Source material:
-- Opening Marker --

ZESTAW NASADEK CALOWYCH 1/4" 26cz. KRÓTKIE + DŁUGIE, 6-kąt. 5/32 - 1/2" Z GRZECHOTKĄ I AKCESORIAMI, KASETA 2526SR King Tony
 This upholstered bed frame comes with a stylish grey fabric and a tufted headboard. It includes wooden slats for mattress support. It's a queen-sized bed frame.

-- Closing Marker --
-- Opening Marker --

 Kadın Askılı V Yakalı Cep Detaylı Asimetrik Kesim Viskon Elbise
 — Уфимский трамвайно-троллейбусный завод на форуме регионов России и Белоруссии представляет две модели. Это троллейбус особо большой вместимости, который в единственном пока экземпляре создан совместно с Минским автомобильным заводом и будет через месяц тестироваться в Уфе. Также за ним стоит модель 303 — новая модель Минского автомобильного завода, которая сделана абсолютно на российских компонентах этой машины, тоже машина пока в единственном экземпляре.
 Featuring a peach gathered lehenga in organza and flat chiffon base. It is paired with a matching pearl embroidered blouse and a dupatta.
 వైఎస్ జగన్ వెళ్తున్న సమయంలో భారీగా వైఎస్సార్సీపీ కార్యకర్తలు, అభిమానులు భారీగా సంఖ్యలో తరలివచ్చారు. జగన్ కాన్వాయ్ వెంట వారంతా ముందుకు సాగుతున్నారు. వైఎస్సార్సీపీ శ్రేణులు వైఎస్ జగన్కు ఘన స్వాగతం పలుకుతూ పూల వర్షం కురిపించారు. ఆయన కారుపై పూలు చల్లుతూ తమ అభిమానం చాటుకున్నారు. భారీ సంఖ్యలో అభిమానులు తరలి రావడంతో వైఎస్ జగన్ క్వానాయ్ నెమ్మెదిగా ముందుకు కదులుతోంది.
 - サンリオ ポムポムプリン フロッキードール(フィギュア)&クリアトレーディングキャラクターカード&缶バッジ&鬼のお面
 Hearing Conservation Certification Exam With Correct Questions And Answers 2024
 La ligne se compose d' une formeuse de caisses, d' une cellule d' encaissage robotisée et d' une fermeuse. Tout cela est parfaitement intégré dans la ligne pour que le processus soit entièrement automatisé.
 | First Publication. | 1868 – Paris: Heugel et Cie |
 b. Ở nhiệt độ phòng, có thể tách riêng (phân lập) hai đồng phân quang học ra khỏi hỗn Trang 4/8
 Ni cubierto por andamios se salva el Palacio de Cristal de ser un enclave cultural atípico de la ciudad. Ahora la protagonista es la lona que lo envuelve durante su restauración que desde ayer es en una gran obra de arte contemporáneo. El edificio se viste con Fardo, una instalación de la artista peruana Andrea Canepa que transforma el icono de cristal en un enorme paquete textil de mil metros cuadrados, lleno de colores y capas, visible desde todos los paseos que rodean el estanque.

-- Closing Marker --
-- Opening Marker --

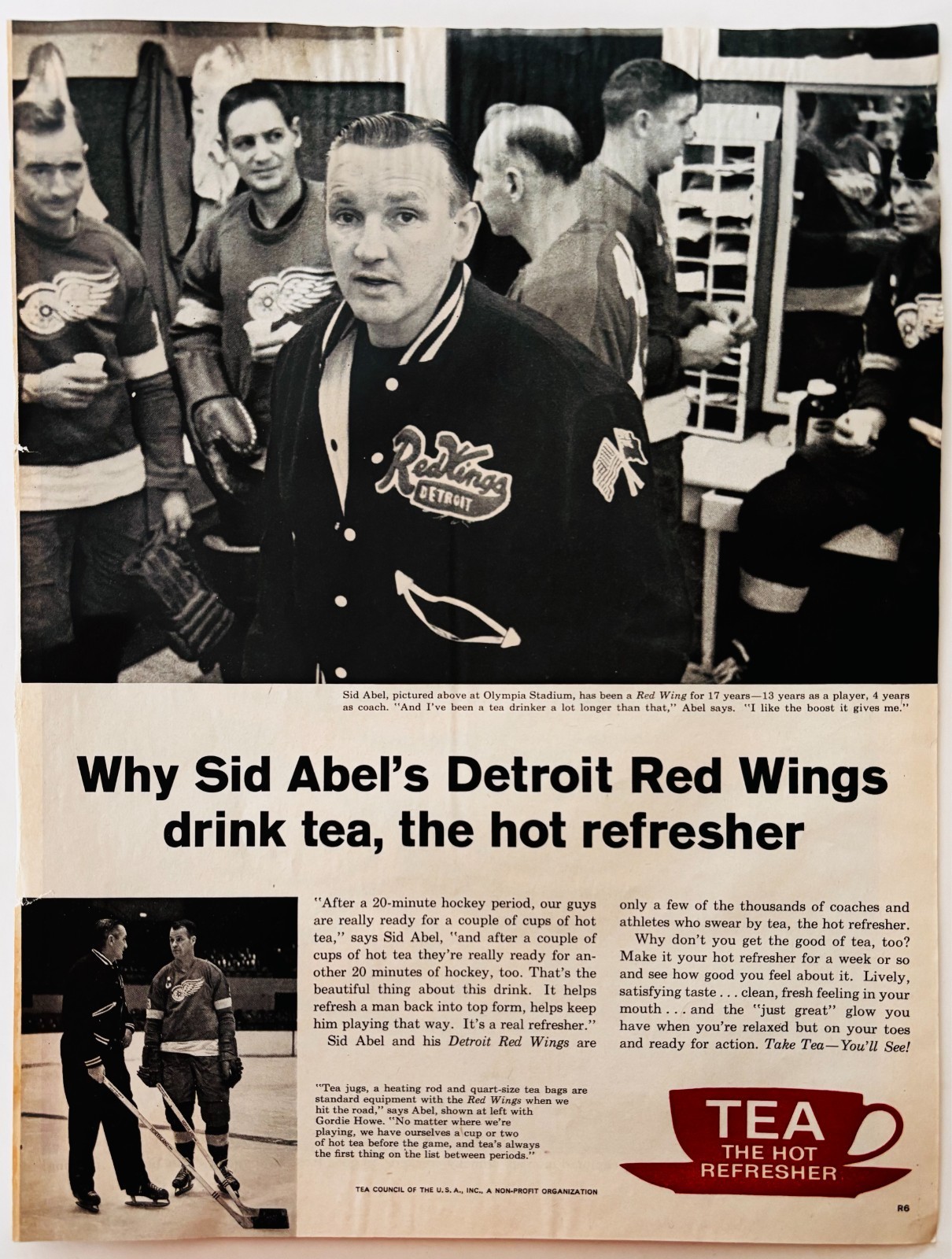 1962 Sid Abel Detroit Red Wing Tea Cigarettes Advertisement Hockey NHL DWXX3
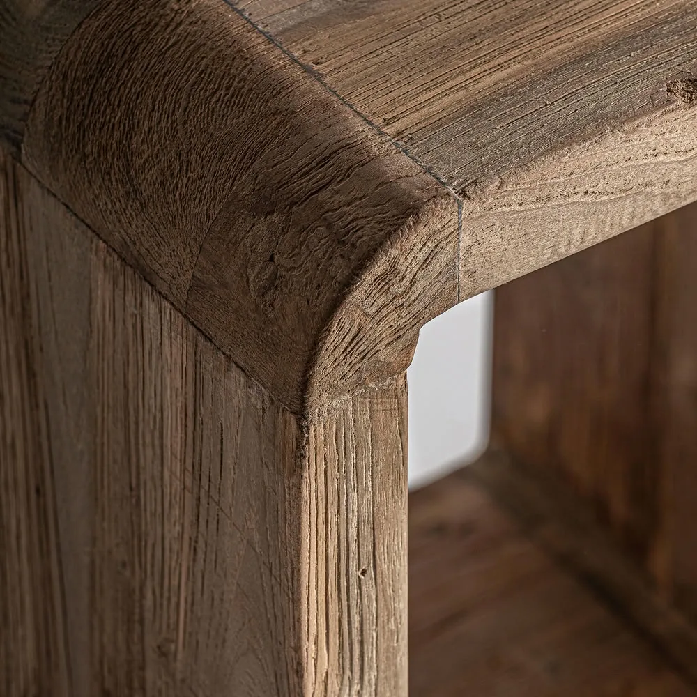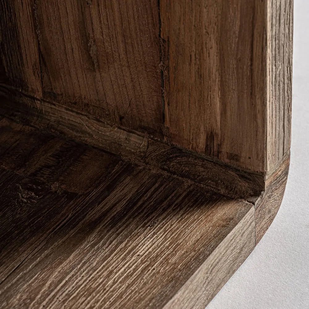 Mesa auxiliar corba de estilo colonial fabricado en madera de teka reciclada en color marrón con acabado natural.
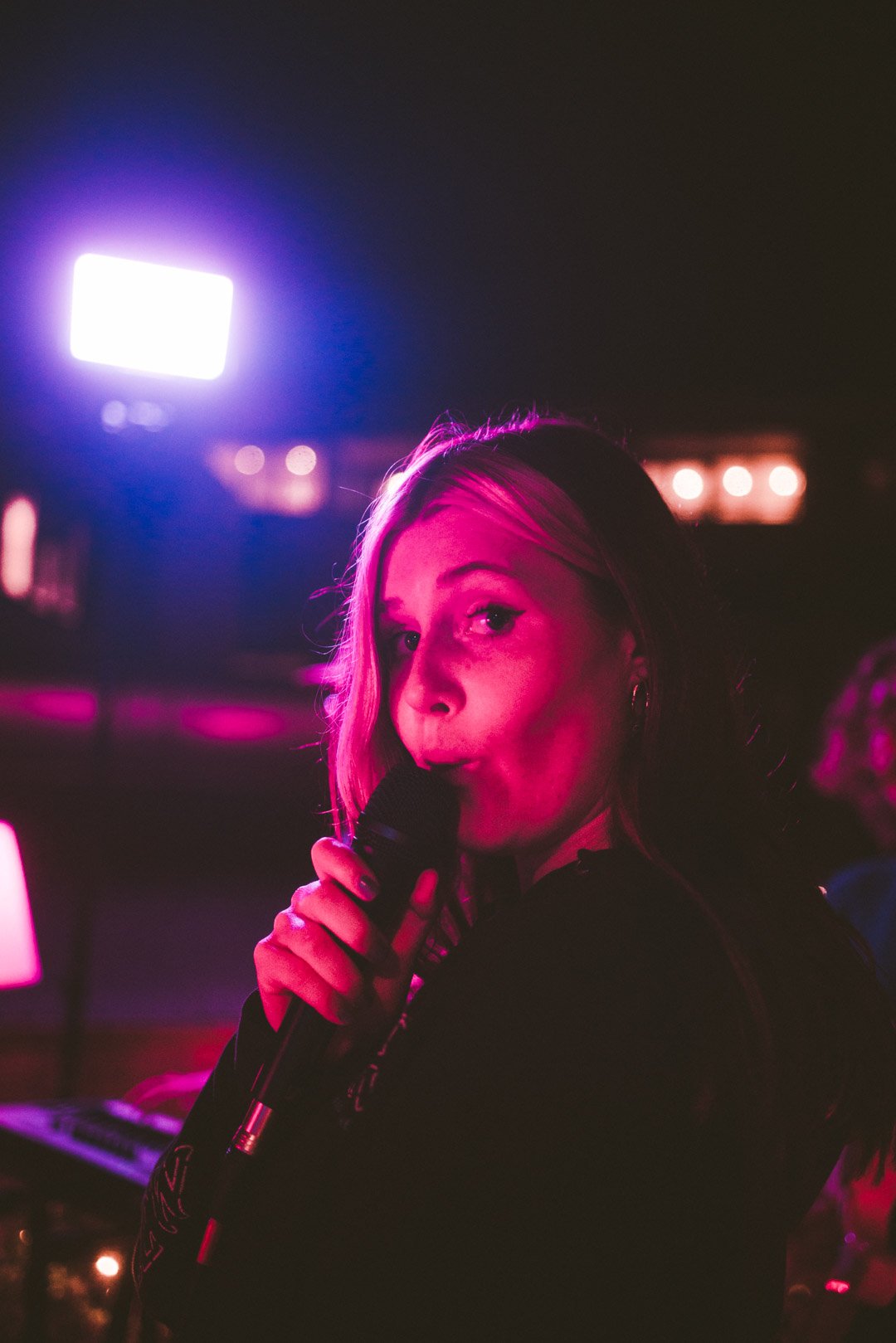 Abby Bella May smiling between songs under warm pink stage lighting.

-- Closing Marker --

Problem to work on: Both end lines included, restate word for word the lines above from the line with "ZESTAW NASADEK CALOWYCH" to the line with "This upholstered bed", and nothing else.

Completed exercise:
ZESTAW NASADEK CALOWYCH 1/4" 26cz. KRÓTKIE + DŁUGIE, 6-kąt. 5/32 - 1/2" Z GRZECHOTKĄ I AKCESORIAMI, KASETA 2526SR King Tony
 This upholstered bed frame comes with a stylish grey fabric and a tufted headboard. It includes wooden slats for mattress support. It's a queen-sized bed frame.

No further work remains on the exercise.